Risk-Adjusted Performance

Very Weak

 
Weak
 
Strong
Over the last 90 days Moelis Co has generated negative risk-adjusted returns adding no value to investors with long positions. In spite of weak performance in the last few months, the Stock's fundamental indicators remain rather sound which may send shares a bit higher in April 2025. The latest tumult may also be a sign of longer-term up-swing for the firm shareholders.
Lion Financial Group 

Risk-Adjusted Performance

Very Weak

 
Weak
 
Strong
Over the last 90 days Lion Financial Group has generated negative risk-adjusted returns adding no value to investors with long positions. In spite of fairly stable essential indicators, Lion Financial is not utilizing all of its potentials. The latest stock price fuss, may contribute to near-short-term losses for the sophisticated investors.

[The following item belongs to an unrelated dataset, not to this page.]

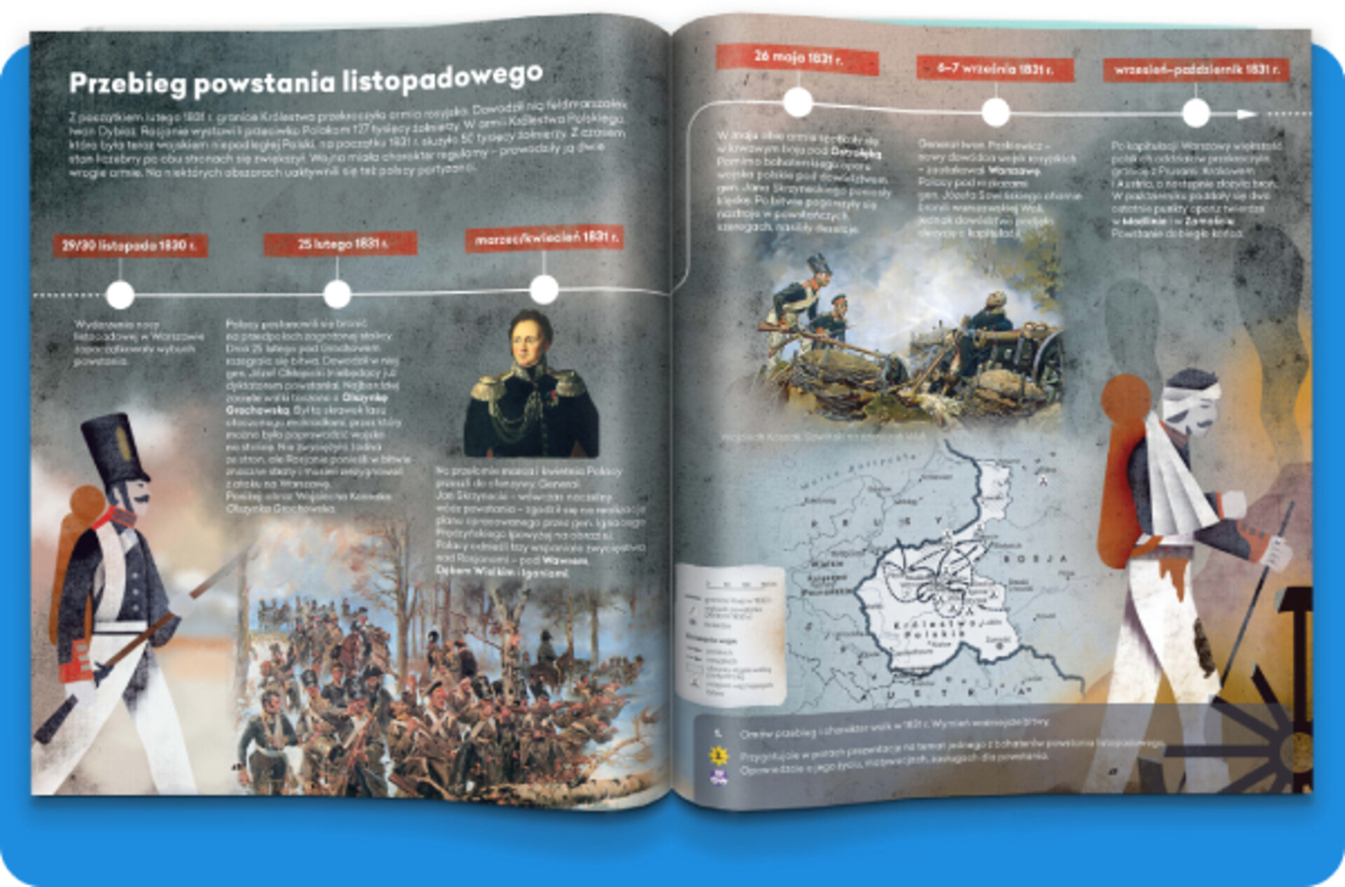 Barwne reprodukcje przybliżają uczniom kluczowe wydarzenia z historii, a ilustracje – dostosowane do ich wieku – łączą wysoką wartość merytoryczną z estetyką.

Moelis and Lion Financial Volatility Contrast

   Predicted Return Density   
       Returns  

Pair Trading with Moelis and Lion Financial

The main advantage of trading using opposite Moelis and Lion Financial positions is that it hedges away some unsystematic risk. Because of two separate transactions, even if Moelis position performs unexpectedly, Lion Financial can make up some of the losses. Pair trading also minimizes risk from directional movements in the market. For example, if an entire industry or sector drops because of unexpected headlines, the short position in Lion Financial will offset losses from the drop in Lion Financial's long position.
The idea behind Moelis Co and Lion Financial Group pairs trading is to make the combined position market-neutral, meaning the overall market's direction will not affect its win or loss (or potential downside or upside). This can be achieved by designing a pairs trade with two highly correlated stocks or equities that operate in a similar space or sector, making it possible to obtain profits through simple and relatively low-risk investment.
Check out your portfolio center.
Note that this page's information should be used as a complementary analysis to find the right mix of equity instruments to add to your existing portfolios or create a brand new portfolio. You can also try the Portfolio Analyzer module to portfolio analysis module that provides access to portfolio diagnostics and optimization engine.